Submarine fleet gamble no longer affordable
The long-term importance of Treasurer Josh Frydenberg’s economic statement this week is that Australia has moved from a country with a strong balance sheet to one that is now much weaker and could get a lot worse.
Frydenberg’s frankness is refreshing, but as a nation we now need to stand back and assess the long-term implications.
And one of the biggest single long-term impacts is that we can no longer afford to first gamble $90 billion, and then $225 billion, on an incredibly high-risk submarine project that also leaves our defences very vulnerable in the next couple of decades.
And we need to brace ourselves for future Senate hearings that are likely to show that someone grossly misled parliament over the cost of the project.
Revealing the truth will enable all Australians to see what a financial mess we have got ourselves into.
As I pointed out on Tuesday the COVID-19 pandemic has made Australians much more aware of where we went wrong and what needs to be done. The days of political games on major issues are coming to an end.
And so, some five years ago senior defence officials under oath declared to a Senate estimates hearings that the then stated French submarine cost of $50bn was calculated on an “out-turn” cost basis”- ie it was adjusted for future inflation.

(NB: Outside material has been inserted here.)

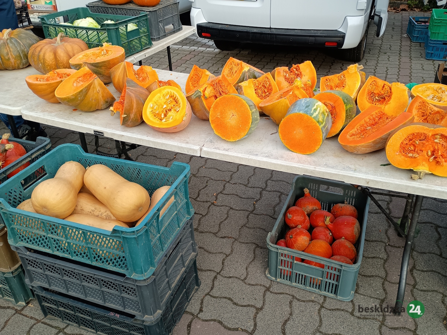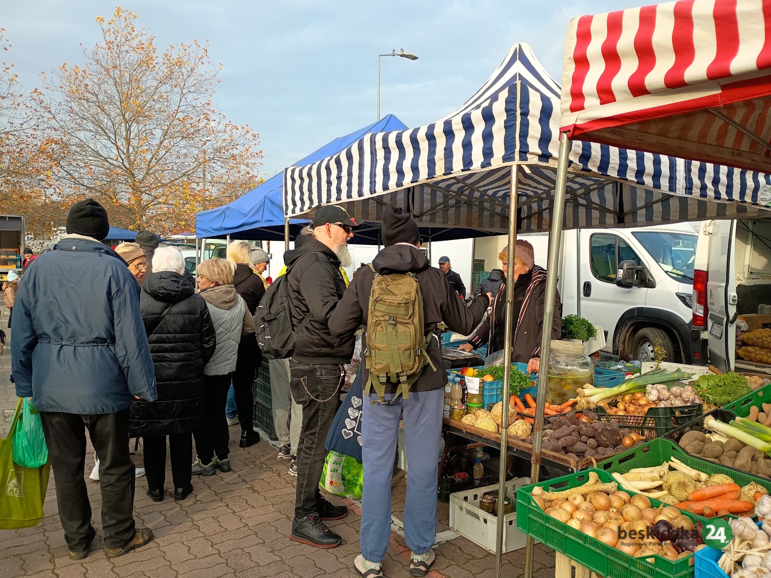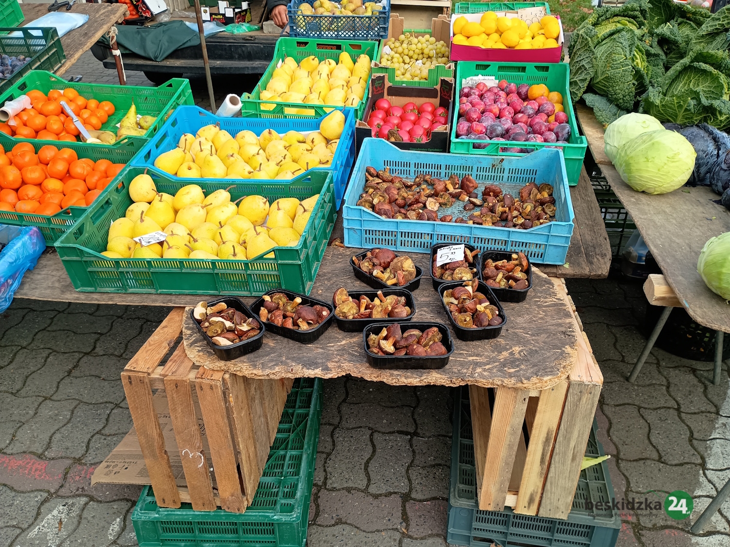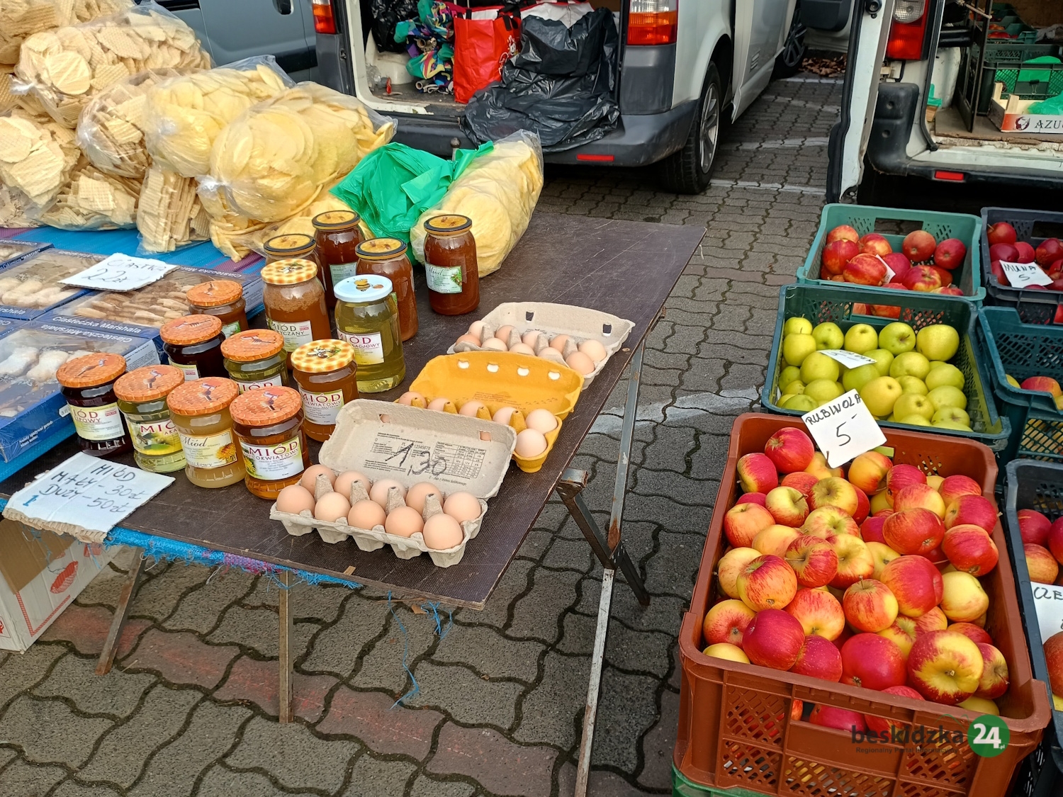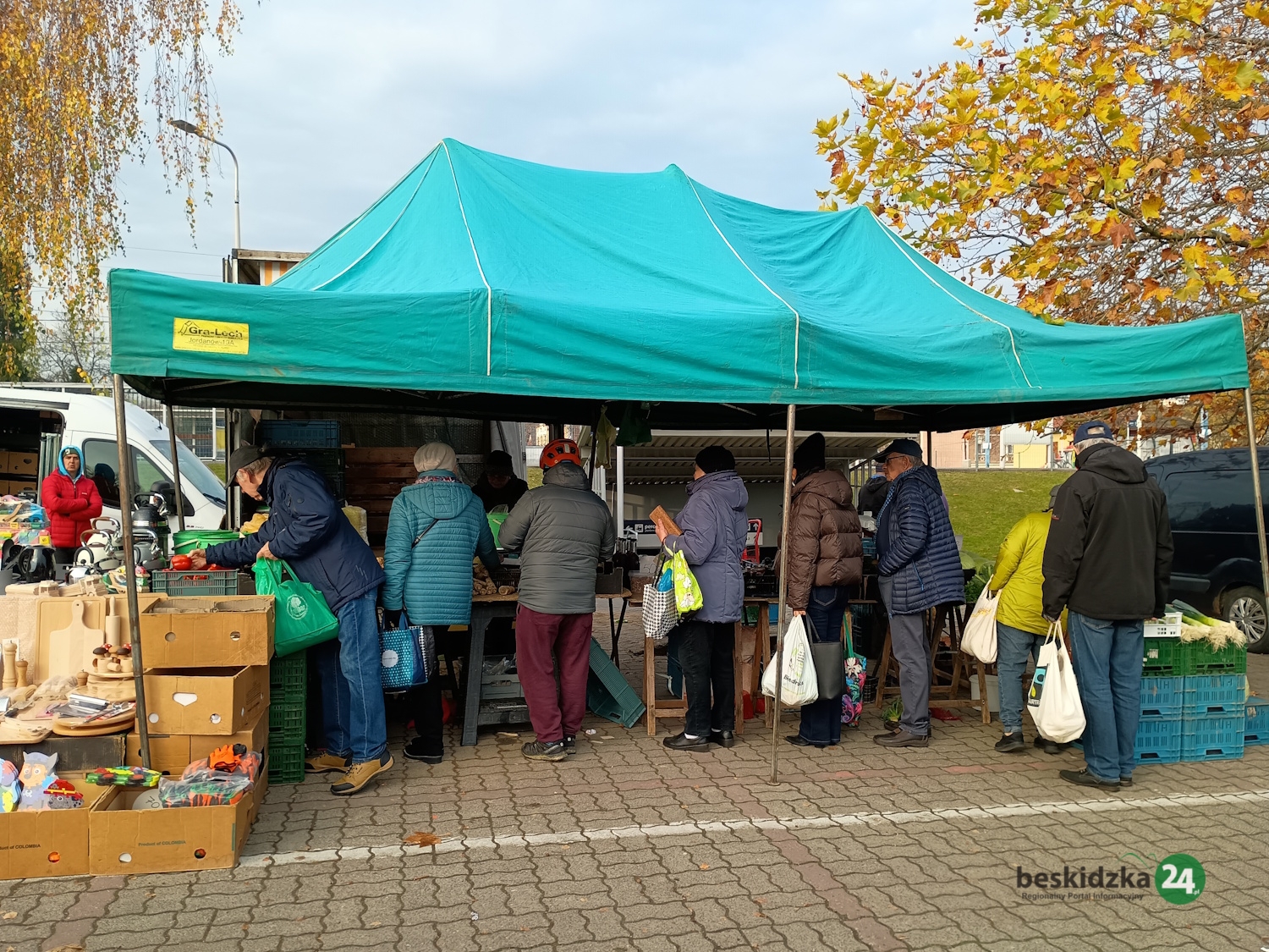 Gdy odwiedzamy plac targowy w sobotę, 8 listopada przed 9.00, pan Marek z gospodarstwa rolnego w Trzebini ma już prawie wszystko wyprzedane. – Specjalizujemy się w produktach nabiałowych – opowiada. – Są to sery kozie i krowie, jogurty, kefiry, śmietana oraz mleko, również od krów rasy jersey, uznawanej za najlepszą jeśli chodzi o jakość mleka. Mamy też swojskie jajka. Jesteśmy tu zawsze w czwartki i soboty od 6.00 do godzin przedpołudniowych. Klienci najczęściej przychodzą już rano, więc towar szybko znika.
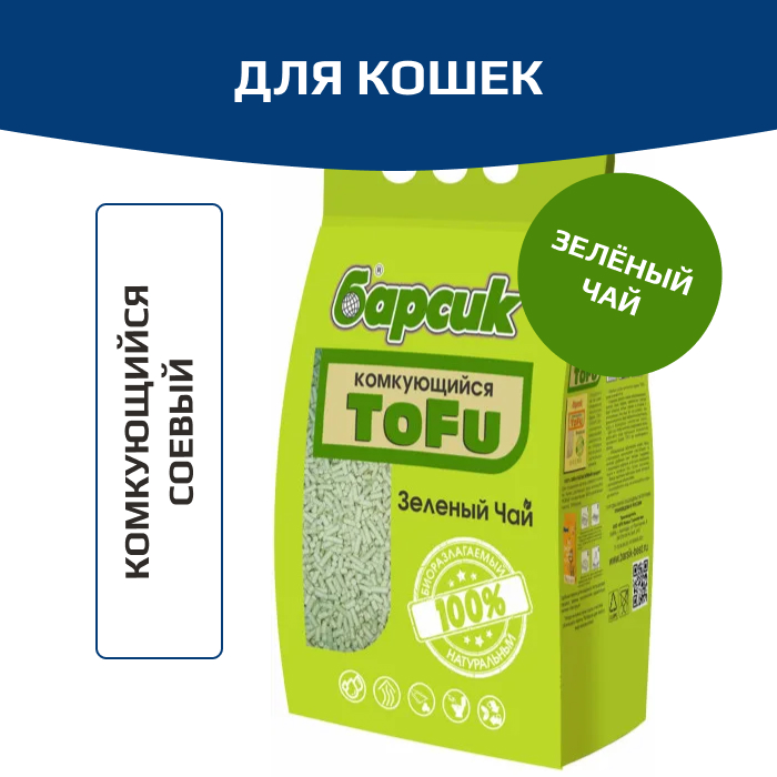 Гигиенический наполнитель Барсик ТОФУ Зеленый Чай – высококачественный натуральный комкующийся наполнитель для кошачьего туалета на основе растительных волокон, с легким приятным ароматом зеленого чая.

The officials were able to correctly point out $50bn in future dollars made the French price much closer to the German and Japanese bids of around $25bn in the then dollars of the day.
But five years later, last March, navy officials declared to the parliament that the original $50bn French tender was not in “out-turn”, or future, dollars but rather in constant 2016 dollars.
As a result, the current estimate of $90bn mainly reflects a change of definition rather than a disastrous cost blowout. Maybe there is an explanation but, on the surface, one way or the other, the parliament appears to have been misled and there is a risk of a jail sentence. I will not comment further.
For what it is worth in 2018 I was the first commentator (thanks to experts in this field) to lift the cost of the project to $90bn on an ”out-turn” or future dollars basis.
I also estimated in 2018 the total cost of the project would be around $225bn, which has now been confirmed by the navy, but I suspect it is now way too low.
It is possible that the navy is right and that when the submarines finally arrive in the second half of the 2030s and 2040s they will still be a potent weapon. But Australia remains underprepared during the next two decades.
Worse still, many experts believe that the conventional lead acid battery-powered submarines (albeit vastly improved) will be well and truly outdated before the current decade is out, let alone over future decades.
In other words, we are at risk of developing a $225bn lemon.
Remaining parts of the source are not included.